In light of the economic uncertainty introduced by COVID-19, the Bank added $105,000 to the Allowance for Loan Losses in the second quarter, bringing the total year-to-date provision for loan losses to $135,000 and the Allowance to 1.14% of total loans, including PPP loans which are guaranteed by the United States Small Business Administration. Even so, the bank’s asset quality remained strong with Non-Performing Assets as a Percent of Total Assets standing at only 0.05%.
The addition of Net Income to bank capital resulted in a Tier 1 Leverage Ratio of 8.29%, which was down from the same quarter last year due entirely to the 20.3% increase in the size of the balance sheet resulting from the addition of the PPP loans and corresponding deposits. The Common Equity Tier 1 ratio improved to 11.77% and the Total Capital Ratio climbed to 13.02%.
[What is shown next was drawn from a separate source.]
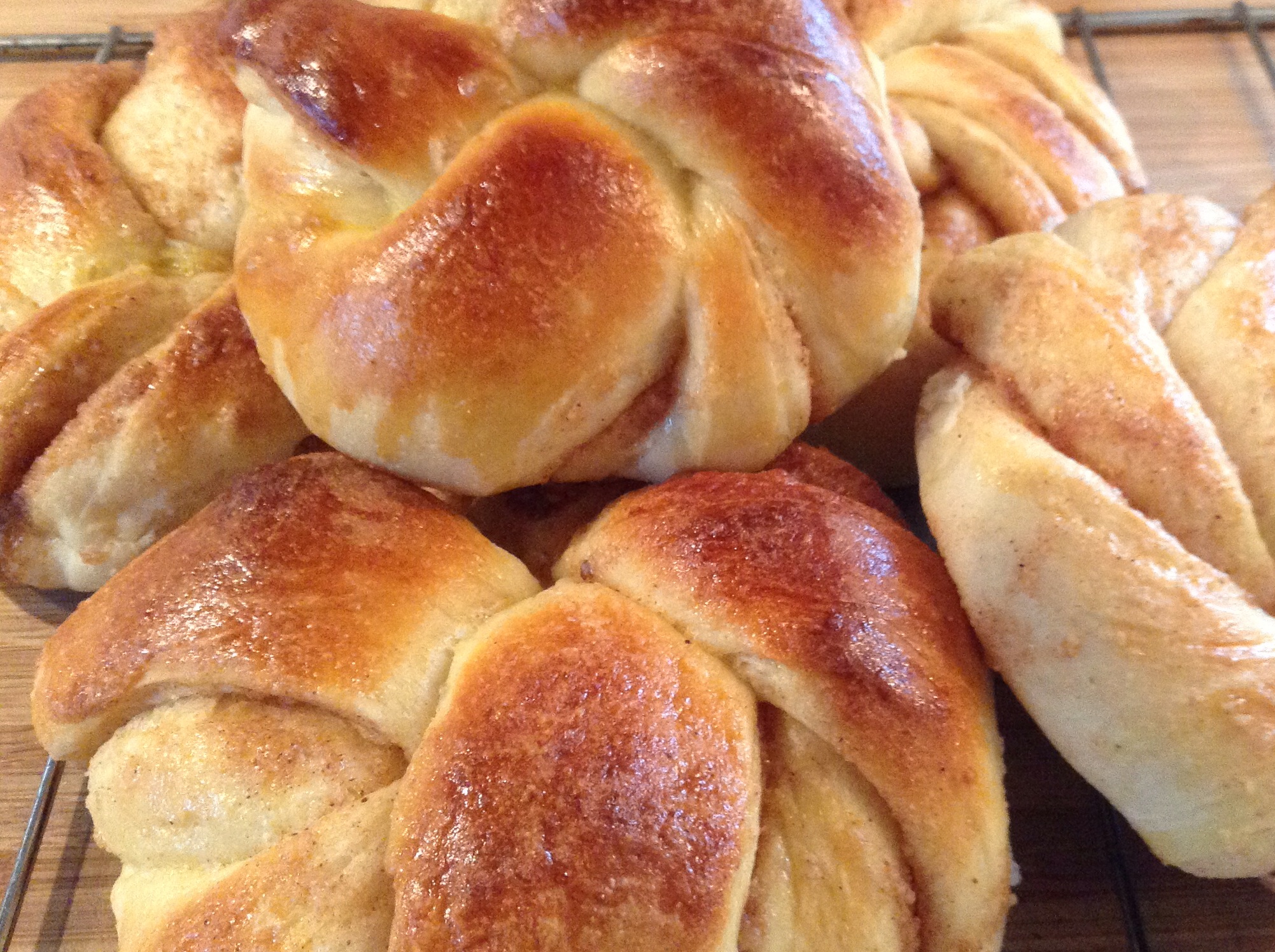 Kok opp melk, smør og melis. Avkjøl blandingen til den er fingervarm (37°C) og tilsett appelsinjuice. Pisk smør og sukker sammen og tilsett marsipan og kanel for fyllet. Rør gjæren ut i væsken eller ha tørrgjær i melet. Bland i kardemomme og speltmel (se tips). Tilsett det tørre til det våte. Elt deigen til den er smidig. Kjevle ut deigen til en firkant og smør fyllet på, brett over en gang og skjær forsiktig 18 strimler. Snurr dem og så lag en knute. Legg dem på bakepapirdekkede stekeplater. La dem heve lunt i 1 time. Pensle med et pisket egg.
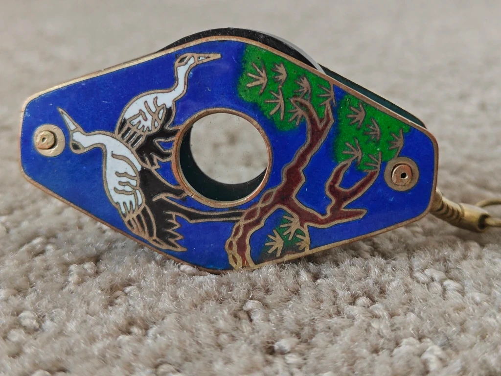 Cloisonne Enamel Pocket Magnifying Glass Asian Crane Pine Tree

Diluted earnings per Share and Fully Diluted Book Value per Share for the first six months of 2020 were reported at $0.72 and
$13.60, respectively.
The second quarter of 2020 was a quarter to remember. While the financial highlights are reassuring, we are not taking anything for granted. There is great uncertainty in the short-run and we don’t yet know the ultimate impact COVID-19 will have on the economic health of our community. As a bank whose vision is to be Gold Standard, we’re doing all we can do to ensure that any negative impact is contained and we have a solid foundation on which to build once this pandemic passes.